On 25 January, the European Medicines Agency (EMA) published a press release on the new Clinical Trials Regulation (Regulation (EU) No 536/2014), coming into application on 31 January 2022. This Regulation will replace the existing EU Clinical Trials Directive 2001/20/EC and national legislation that was put in place to implement the Directive. It will also apply to trials authorised under the previous legislation if they are still ongoing three years after the Regulation has come into operation. The new Regulation harmonises the assessment and supervision processes for clinical trials throughout the EU via a Clinical Trials Information System (CTIS). This new portal will be the single-entry point for the submission of data and information relating to clinical trials in the EU.

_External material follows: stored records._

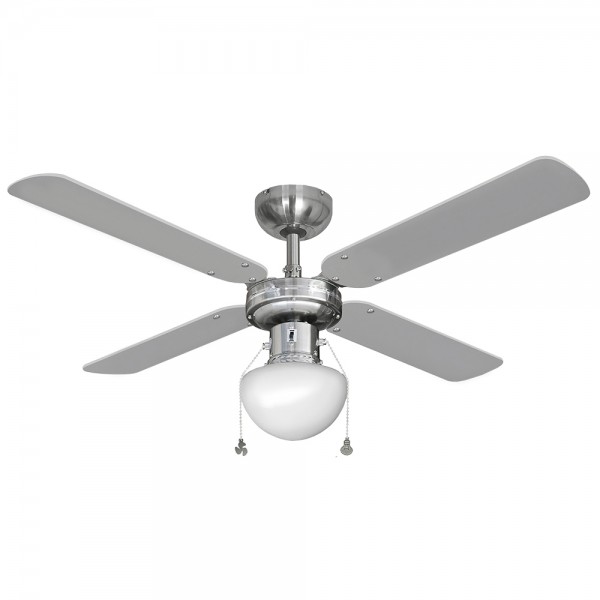 VENTILADOR DE TECHO MODELO CARIBE. COLOR CROMADO. POTENCIA: 50W ASPAS: Ø102cm 3 VELOCIDADES (INTERRUPTOR TIRADOR) CAUDAL DE AIRE 4381m³/h AC-220-240V 50Hz CON LUZ ( 1xE27 MAX. 60W BOMBILLA NO INCLUIDA) - 4 ASPAS IP20 EDM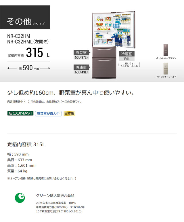 | メーカー・型式 | パナソニック / NR-C32HM-T | |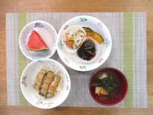 ≪給食≫ ・うな丼 ・すまし汁 ・ひじきの煮物 ・かぼちゃの素揚げ ・れんこんの酢の物 ・フルーツ(すいか)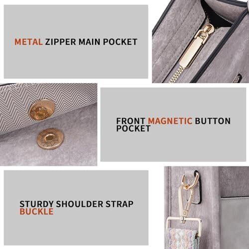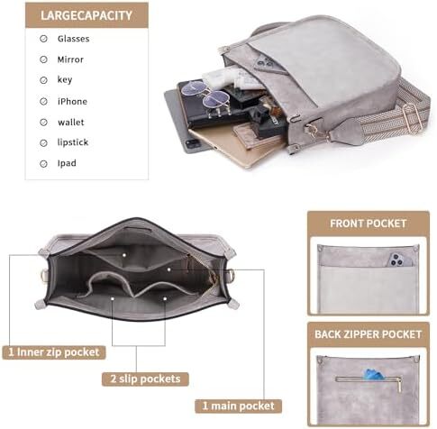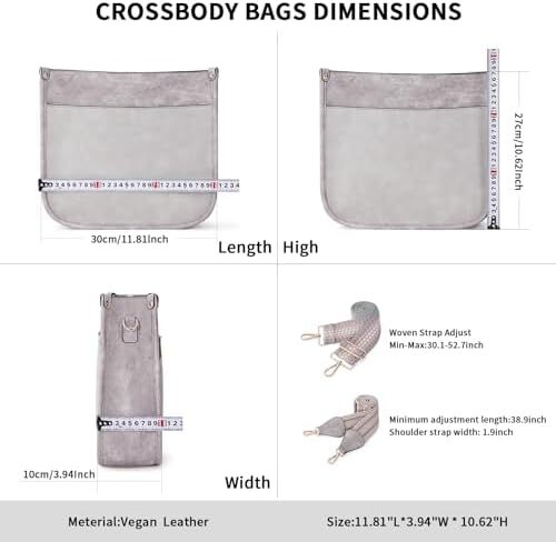 ✔【Crossbody Bag Dimension&Structure】This crossbody handbag dimension:(L) 12 x (W) 3.5x(H)10inch,weight about 0.61kg / 1.34pounds,Internal structure is one main compartment including 1 main pocket,1 inner zipper pocket,2 slip pockets-cell phone pocket and ID card slot.External structure including 1 metal magnetic buckle pocket and 1 back anti-theft pockets,come with metal zipper closure,main pocket and back pocket antitheft zipper design-double antitheft to protect your property safety.

EMA sets up and maintains CTIS, in collaboration with the Member States and the European Commission. Information stored in CTIS will be publicly available for transparency. In the past, sponsors had to submit clinical trial applications separately to national competent authorities and ethics committees in each country to gain regulatory approval to run a clinical trial, and registration and posting of results were also separate processes. With CTIS, sponsors can now apply for authorisations in up to 30 EU countries at the same time and with the same documentation. The application of the Clinical Trials Regulation and the go live of CTIS will strengthen Europe’s position as an attractive location for clinical research.